Fine-tune Falcon 180B with QLoRA and Flash Attention on Amazon SageMaker
In this Amazon SageMaker example, we are going to learn how to fine-tune tiiuae/falcon-180B using QLoRA: Efficient Finetuning of Quantized LLMs with Flash Attention. Falcon 180B is the newest version of Falcon LLM family. It is the biggest open source model with 180B parameter and trained on more data - 3.5T tokens with context length window upto 4K tokens.
QLoRA is an efficient finetuning technique that quantizes a pretrained language model to 4 bits and attaches small “Low-Rank Adapters” which are fine-tuned. This enables fine-tuning of models with up to 65 billion parameters on a single GPU; despite its efficiency, QLoRA matches the performance of full-precision fine-tuning and achieves state-of-the-art results on language tasks.
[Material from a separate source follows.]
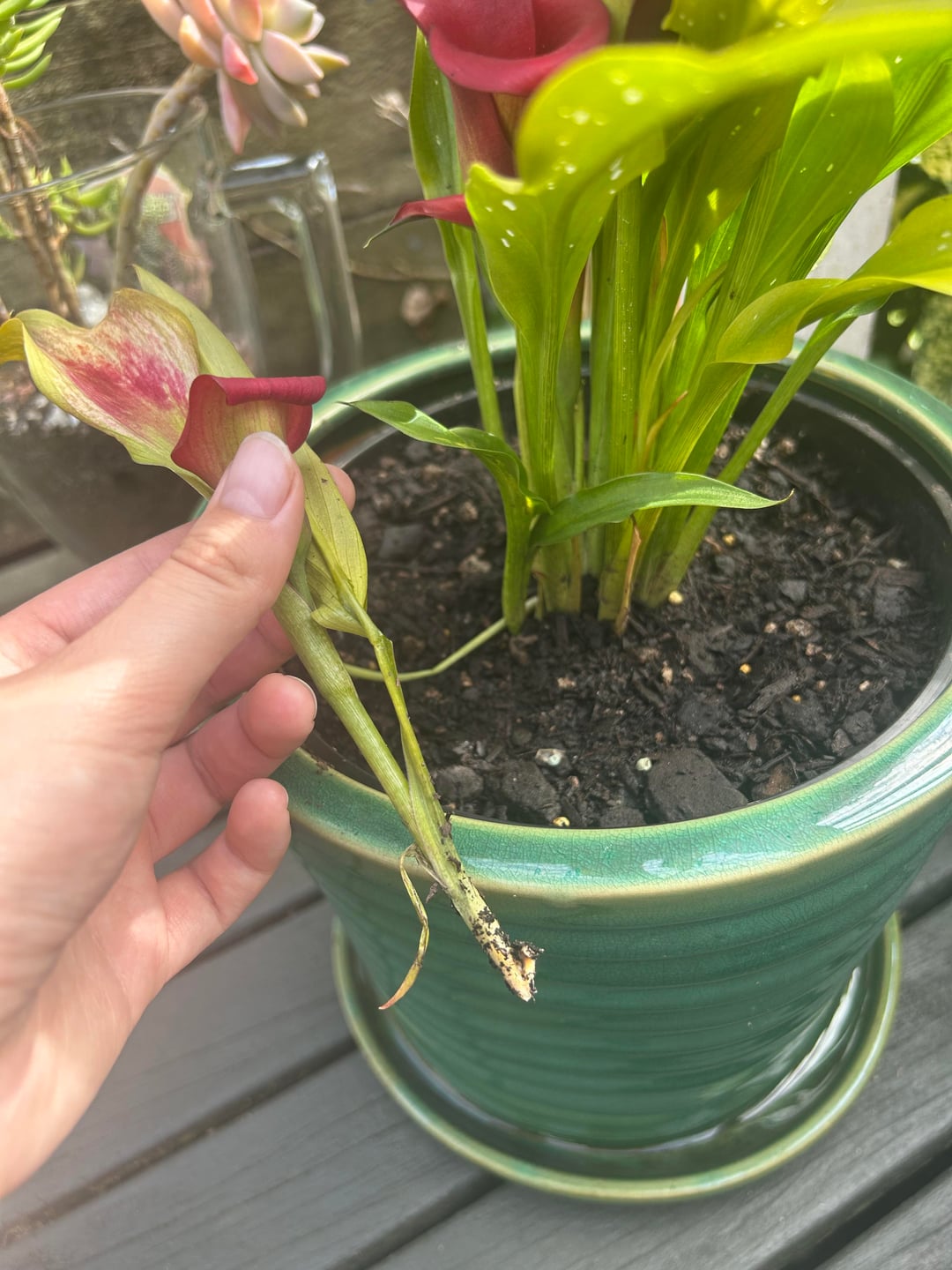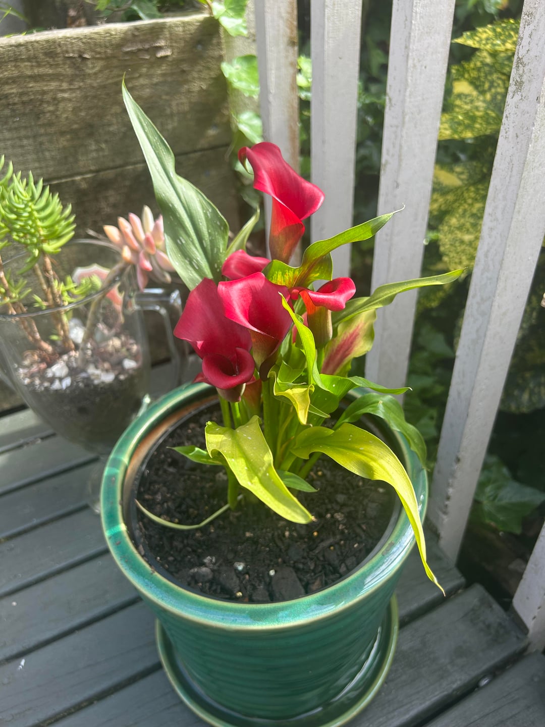 最初の画像は5日前のもので、植え替えたばかりです。次の2枚の写真は今日撮ったものですが、葉はさらに黄色くなり、植物は垂れ下がってバラバラになっています。毎日水やりをしているのですが、一日中直射日光がたっぷり当たります。何が間違っているのでしょうか?

In our example, we are going to leverage Hugging Face Transformers, Accelerate, and PEFT.
In Detail you will learn how to:
- Setup Development Environment
- Load and prepare the dataset
- Fine-Tune Falcon 180B with QLoRA on Amazon SageMaker
Access Falcon 180B
Before we can start training we have to make sure that we accepted the license tiiuae/falcon-180B to be able to use it. You can accept the license by clicking on the Agree and access repository button on the model page at:
1. Setup Development Environment
!pip install "transformers==4.31.0" "datasets[s3]==2.13.0" sagemaker --upgrade --quiet
To access any Falcon 180B asset we need to login into our hugging face account. We can do this by running the following command:
!huggingface-cli login --token YOUR_TOKEN
If you are going to use Sagemaker in a local environment. You need access to an IAM Role with the required permissions for Sagemaker. You can find here more about it.
import sagemaker
import boto3
sess = sagemaker.Session()
# sagemaker session bucket -> used for uploading data, models and logs
# sagemaker will automatically create this bucket if it not exists
sagemaker_session_bucket=None
if sagemaker_session_bucket is None and sess is not None:
# set to default bucket if a bucket name is not given
sagemaker_session_bucket = sess.default_bucket()
try:
role = sagemaker.get_execution_role()
except ValueError:
iam = boto3.client('iam')
role = iam.get_role(RoleName='sagemaker_execution_role')['Role']['Arn']
sess = sagemaker.Session(default_bucket=sagemaker_session_bucket)
print(f"sagemaker role arn: {role}")
print(f"sagemaker bucket: {sess.default_bucket()}")
print(f"sagemaker session region: {sess.boto_region_name}")
2. Load and prepare the dataset
we will use the dolly an open source dataset of instruction-following records generated by thousands of Databricks employees in several of the behavioral categories outlined in the InstructGPT paper, including brainstorming, classification, closed QA, generation, information extraction, open QA, and summarization.
{
"instruction": "What is world of warcraft",
"context": "",
"response": "World of warcraft is a massive online multi player role playing game. It was released in 2004 by bizarre entertainment"
}
To load the samsum
dataset, we use the load_dataset()
method from the 🤗 Datasets library.
from datasets import load_dataset
from random import randrange
# Load dataset from the hub
dataset = load_dataset("databricks/databricks-dolly-15k", split="train")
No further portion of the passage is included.